Questa settimana, siamo stati particolarmente colpiti dalla massima di una recentissima sentenza della Corte di cassazione – Sez. lavoro – n. 13537 del 13 giugno 2014 (Pres. Berruti, Rel. Rossetti), che disciplina il danno da “paura di morire”.

La “paura di morire”, provata da chi abbia patito lesioni personali e si renda conto che esse saranno letali – scrive la Cassazione - è un danno non patrimoniale risarcibile soltanto se la vittima sia stata in grado di comprendere che la propria fine era imminente; in difetto di tale consapevolezza non è nemmeno concepibile l'esistenza del danno in questione, a nulla rilevando che la morte sia stata effettivamente causata dalle lesioni.

Sulla base di tale principio, è stato negato il risarcimento del predetto danno agli eredi di un uomo che, a seguito di una brusca frenata dell’autobus pubblico sul quale viaggiava, cadeva rovinosamente e, a distanza di  dodici giorni, decedeva.

Dopo 26 (dicasi: ventisei) anni di giudizio, tra primo grado e appello, agli eredi nel 2012 veniva finalmente risarcito il danno da “paura di morire”, negato in primo grado.

L’Azienda pubblica di trasporto e la Compagnia di assicurazioni, non condividendo la decisione della Corte d'Appello, hanno fatto ricorso in Cassazione, che ha accolto le loro tesi sulla base del principio di diritto sopra riportato.

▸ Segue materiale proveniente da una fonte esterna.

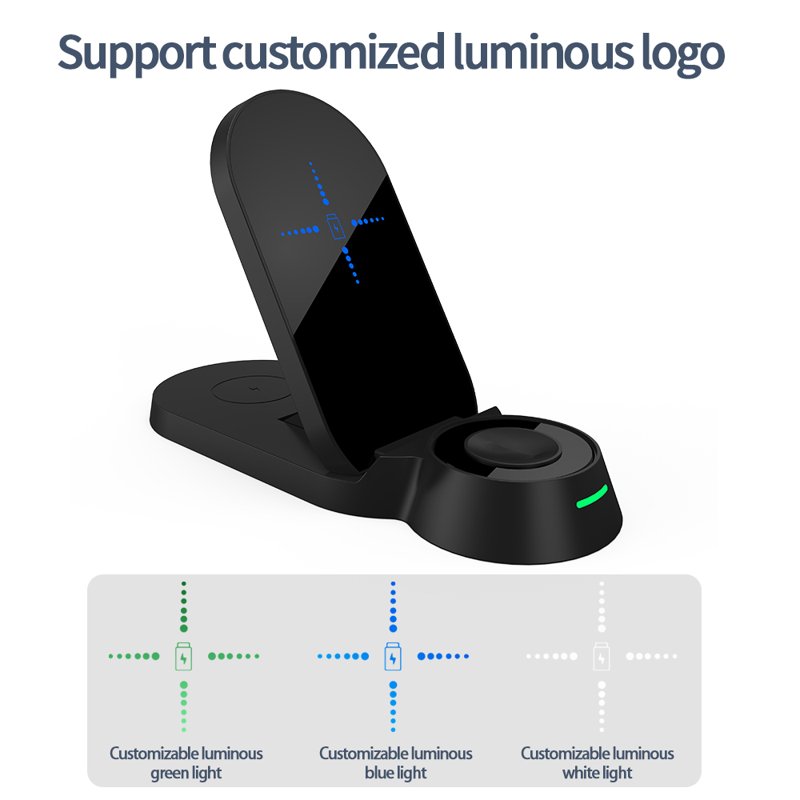 Upptäck den praktiska 3-i-1 trådlösa laddaren H-22. Denna hopfällbara laddare erbjuder snabb och effektiv laddning för smartphones, klockor och hörlurar. Med sin eleganta design håller den ditt skrivbord rent och organiserat. Perfekt för både hemmet och kontoret.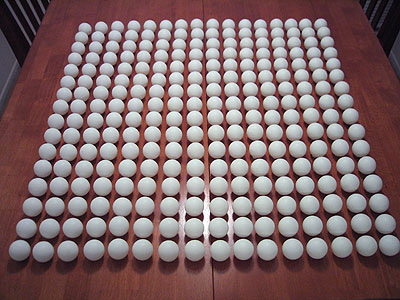 If you've ever wondered what 256 ping pong balls would look like, this is it. I've definitely been interested in "the grid" for awhile, and in the idea behind pixels - putting a grid of something together to create a perceived image. 16x16 is a very small grid, but it's already 256 individual ping pong balls (of 288 ordered). This hand-spaced grid is about 29" (73.66cm) square. Ping pong balls are 1.5" (3.81cm) wide, so pushed together, this would make a grid 24" (60.96cm) wide each way. I like the idea of a perfect 2' square - that figure has shown up in other lamp designs of mine. I'm not sure yet if I want a grid lamp, though, or maybe something more organic, and hence, harder to build, which may decide for me that this should remain a simple grid layout.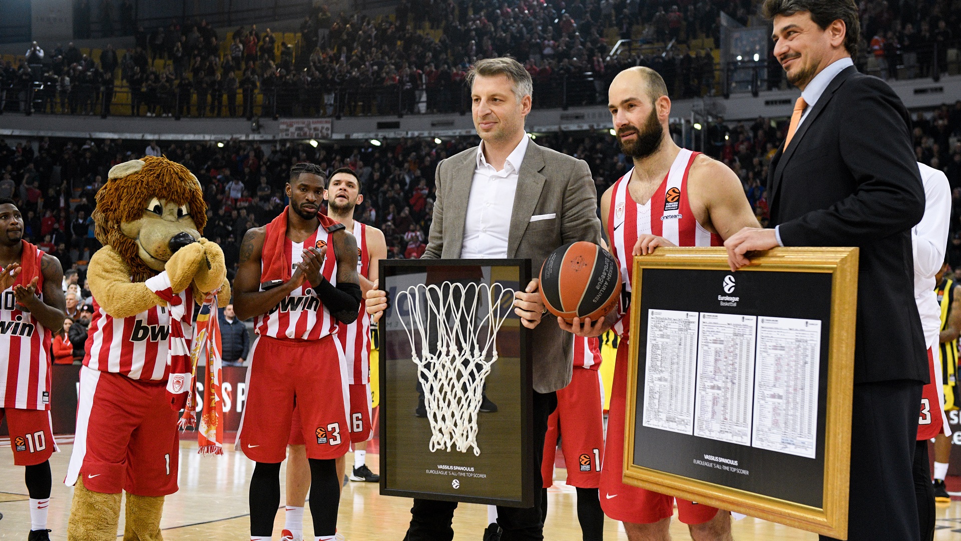 Before the jump ball of the game against Alba Berlin, Olympiacos BC honored Vassilis Spanoulis on his big record, that is his emergence as the top scorer in the history of the Euroleague.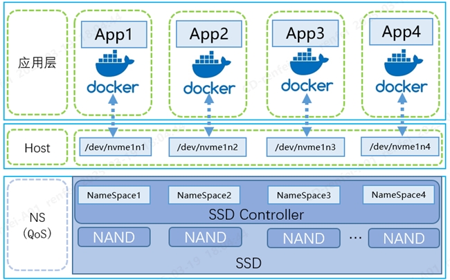 相较于传统机械硬盘,SSD凭借其高速读写能力和低延迟特性,不仅突破了存储I/O瓶颈,更能与Docker轻量级容器化技术深度契合——通过减少数据存取等待时间,充分释放存储性能潜力,为容器化部署MySQL的高效运行筑牢存储根基。Namespace(以下简称NS)作为SSD技术的重要创新,进一步突破了传统存储模式的性能瓶颈。NS本质上是SSD的逻辑分区技术,能够将单块物理SSD划分为多个独立的虚拟存储单元,每个单元均可进行独立管理和配置,有效提升SSD的利用率。在此基础上,NS技术下配置QoS(Quality of Service,服务质量)策略,能够进一步强化存储性能管理的精细化程度。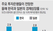 ‘엔화 약세 쇼크’로 한국과 일본 경제의 희비가 엇갈리고 있다. 대형 글로벌 투자은행(IB)들이 한국은 수출 경쟁력이 악화될 것이라며 경제성장률 전망치를 잇달아 내리고 있다. 반면 일본에 대해서는 주요 기업들의 실적이 호전되면서 경제가 성장할 것이라고 장밋빛 전망을 내놓았다. 13일 국제금융센터에 따르면 4월 말 기준 모건스탠리와 골드만삭스 등 10개 대형 IB들이 제시한 한국의 올해 국내총생산(GDP) 성장률 전망치는 평균 2.8%로 집계됐다. 이는 IB들이 1월 말 전망한 2.9%보다 0.1%포인트 낮은 수준이다. 내년 GDP 성장률 전망치도 1월 말 4.0%에서 4월 말 3.9%로 낮아졌다. 한국을 가장 비관적으로 본 건 도이체방크로 올해 GDP 성장률을 2.5%로 내다봤다. 모건스탠리와 바클레이스의 전망치가 3.3%로 가장 높았다. IB들은 지난해 초 한국 경제의 올해 GDP 성장률을 평균 4.3%로 내다봤다가 지난해 6월 4% 아래로 내렸고, 올 1월에는 2% 후반대로 더 떨어뜨린 바 있다. 반면 일본의 경제성장률에 대한 전망은 3개월 사이 빠르게 호전됐다. IB들이 내다본 일본의 올해 GDP 성장률 전망치는 1월 평균 0.9%에서 4월 말 1.3%로 뛰었다. 모건스탠리는 1.6%까지도 예상하고 있다. BNP파리바가 가장 낮은 0.9%로 내다봤다. 내년 GDP 성장률 전망치도 1.1%에서 1.4%로 올렸다. 두 나라에 대한 전망이 엇갈리는 것은 세계시장에서 한국 기업과 일본 기업이 경쟁하고 있는데 엔화 약세가 한국 기업에 불리하게 작용할 것이라는 예상 때문이다. 골드만삭스는 “엔화 약세 추세는 한국의 수출과 투자에 악영향을 미쳐 한국 경제 회복에 걸림돌이 될 것”이라고 분석했다. IB들은 엔-달러 환율이 앞으로 더 오를 것이라고 내다봤다. 스탠다드차타드는 엔화가 추가 약세를 보이면 한국 자동차와 자동차 부품, 기계, 철강 등 주요 수출 산업에 미치는 부정적 파급효과가 더 커질 것이라고 전망했다. 일각에서는 한국 경제가 느리지만 회복세를 보일 것이라는 전망을 내놓고 있다. 한국은행이 발표한 올해 1분기(1∼3월) GDP 성장률이 전기 대비 0.9%로 시장 전망을 웃돌았고 추가경정예산(추경) 편성으로 경기가 활성화될 수 있다는 점을 근거로 분석한 것. 노무라는 정부의 경기 부양책을 긍정적으로 평가하며 올해 성장률 전망치를 기존 2.5%에서 2.7%로 높였다.김유영 기자 abc@donga.com}

Per i magistrati della Cassazione, infatti, “il danno non patrimoniale costituito dalla ‘paura di morire’ esige necessariamente che il danneggiato la provi, questa paura. Il danno non patrimoniale rappresentato dai moti dell'animo, in questo come in ogni caso, non è infatti concepibile che sia provato da chi, per essere incapace d'intendere e di volere, moti dell'animo non abbia provato o non potesse provare”.

La vittima, infatti, era stata dimessa dall’ospedale dieci giorni dopo l’incidente e il suo decesso fu dovuto ad una fibrillazione ventricolare, a sua volta causata da una crisi lipotimica.

Egli, conclude la Cassazione, “non attese lucidamente la propria morte, per il semplice fatto che non poteva ragionevolmente prevedere (né lui, né nessun altro) che a causa della contusione sternale sarebbe morto”.